Berdasarkan pemaparan tersebut, dapat dikatakan bahwa film

Alangkah Lucunya (Negeri Ini) karya Deddy Mizwar layak untuk

dijadikan bahan ajar Bahasa Indonesia pada materi mengulas secara kritis film/drama, sebab film ini menyajikan kisah nyata dalam kehidupan sehari-hari. Selain itu juga menggunakan bahasa yang mudah dipahami oleh penonton dan memiliki nilai-nilai kehidupan bagi penontonnya, terutama orangtua dan guru untuk mendidik anak-anak. Siswa tidak hanya dapat menguasai materi pelajaran mengenai mengulas secara kritis film/drama, siswa pun dapat mempelajari kesantunan berbahasa yang terdapat dalam film dan dapat langsung mempraktikannya pada kehidupan sehari-hari dalam segala situasi sosial, baik dalam lingkungan masyarakat ataupun di lingkungan sekolah.

B. Saran

Saran yang perlu penulis berikan terkait penelitian yang telah dilakukan, yaitu:

1. Bagi siswa, penerapan konteks dan prinsip kesantunan berbahasa perlu ditingkatkan bukan hanya dengan media komunikasi langsung. Melainkan dengan media pembelajaran sepeti film.

2. Bagi peneliti selanjutnya, penelitian mengenai kesantunan berbahasa perlu diperbanyak mengingat kesantunan berbahasa sangat berguna bagi kehidupan bermasyarakat.
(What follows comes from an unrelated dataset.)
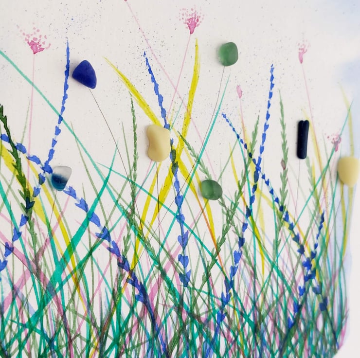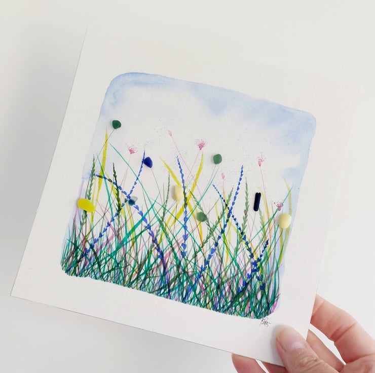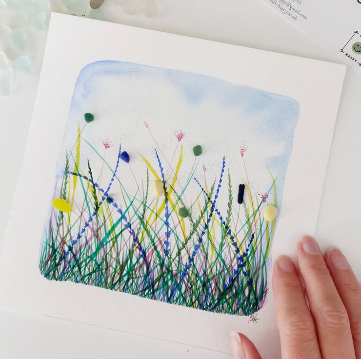 I have very recently fallen in love with watercolour as a medium and I'm delighted to have found a way to incorporate this into my love of sea glass in a way that is unique to me. I hope you are drawn to the natural beauty of the colours in this truly one-off bespoke piece, inspired by the confetti fields in my home town of Pershore.

3. Bagi pembelajaran di sekolah, kesantunan berbahasa dapat disisipkan untuk menambah wawwasan dan ilmu siswa berkaitan dengan muatan pendidikan karakter.

4. Bagi pembaca, memperhatikan konteks tutur dan sopan santun berbahasa dalam bermasyarakat perlu ditingkatkan agar hubungan antara peserta tutur dapat terjalin dengan baik.